Depends where you measure .. the thin gold wires connecting the chip with electrodes will give way first usually .. but it would be pretty hard to measure temperature of those. How well that translates to temperature of the chip or the case is hard to tell.
 
I'm talking about the temperature of the outside of the diode. I know that the temperature of the chip is going to be greater than the outside temperature, but there must be some threshold of max temperature that can be taken from the outside of the diode.
 
It doesn't work like that. If someone said 80C (arbitrary value) was the limit, that doesn't mean 79.9C is perfectly safe and 80.1C means instant death. That's absurd. Besides, it's more about keeping efficiency high than not killing the diode. You'll never top 10 hours actual diode run-time in a pointer, so the life reduction means nothing to you. The hotter it gets, the lower the efficiency though.

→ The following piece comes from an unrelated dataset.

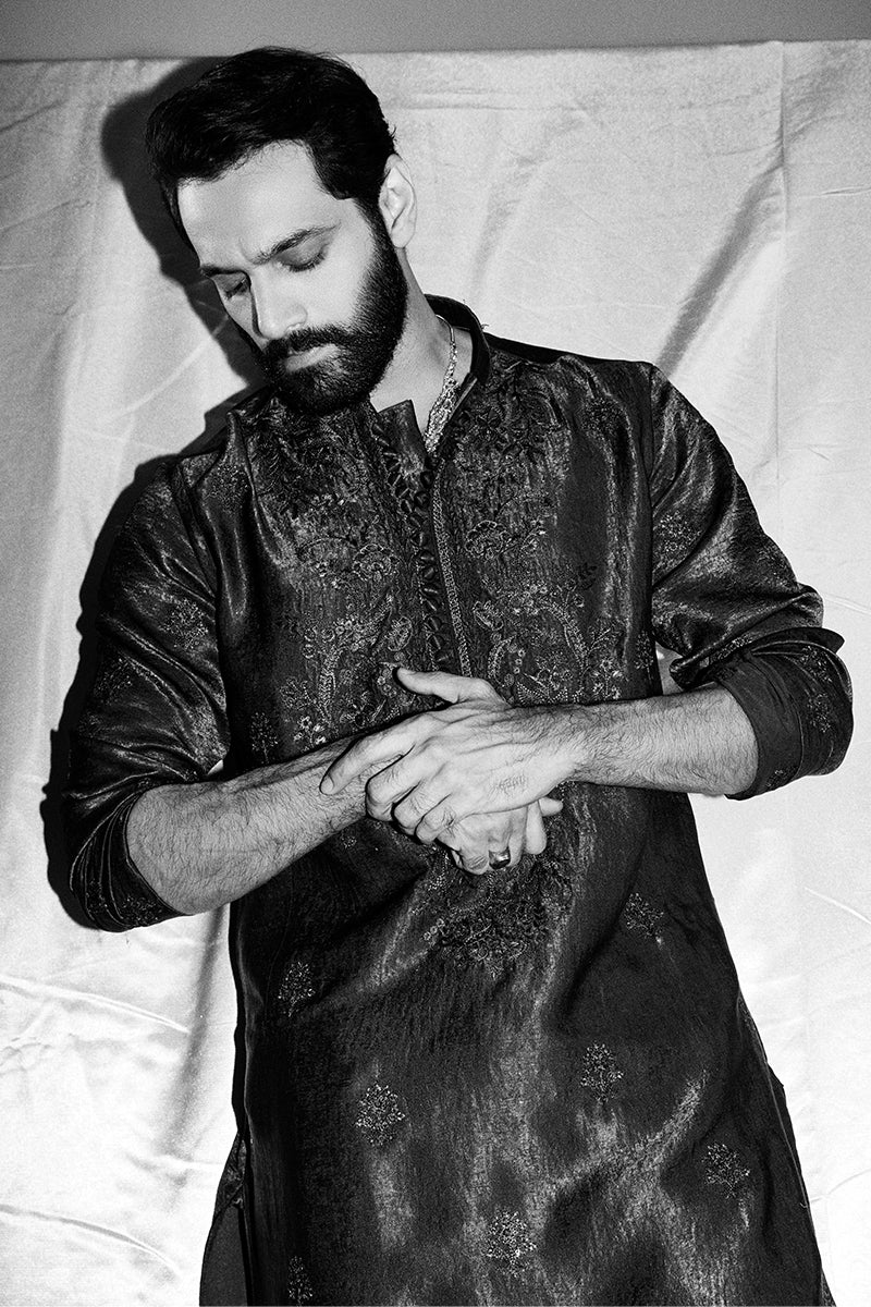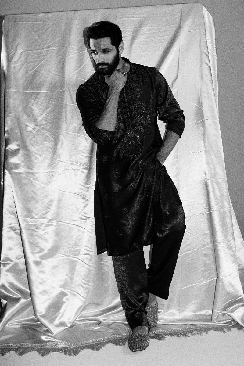 A deep burgundy kurta and pajama set adorned with striking floral embroidered composed neckline and all-over booti chatta accented with shimmering sequins, exuding opulence and refined elegance.

TL;DR: Don't worry about it.
 
I'm not talking about an exact temperature. I'm talking about a general threshold. I'm making precision heat sinking. I guess I'll spend the money on a diode to blow out. I'll let you guys know.
 
First, i would just like to qualify the below post by stating that i am no expert on diodes, but I would actually like to know a little more about this topic too.

If you were to measure temp on the heat sink I know you would want to stabilize the heat sink temp before you could get any measurement that would give you insight into the temp of the diode..... and to make that situation repeatable when switching in and out diodes with a common press fit module would be tough.

Would it be better to measure it indirectly through efficiency with a LPM and power supply? modeling it sort of like a heating element that also gives off light?

edit: now that i think of it...maybe a combination of the two methods would be best for measuring the efficiency of your heat sinking system? any thoughts?...then maybe work backwards to the temp?



As for life of the diode, the common consensus here seems to be that it is a crap shoot, but i would think that you would at least be able to approximate the life of the diode maybe proportional to it's efficiency? ..assuming all other things being equal like duty cycle and heat sinking.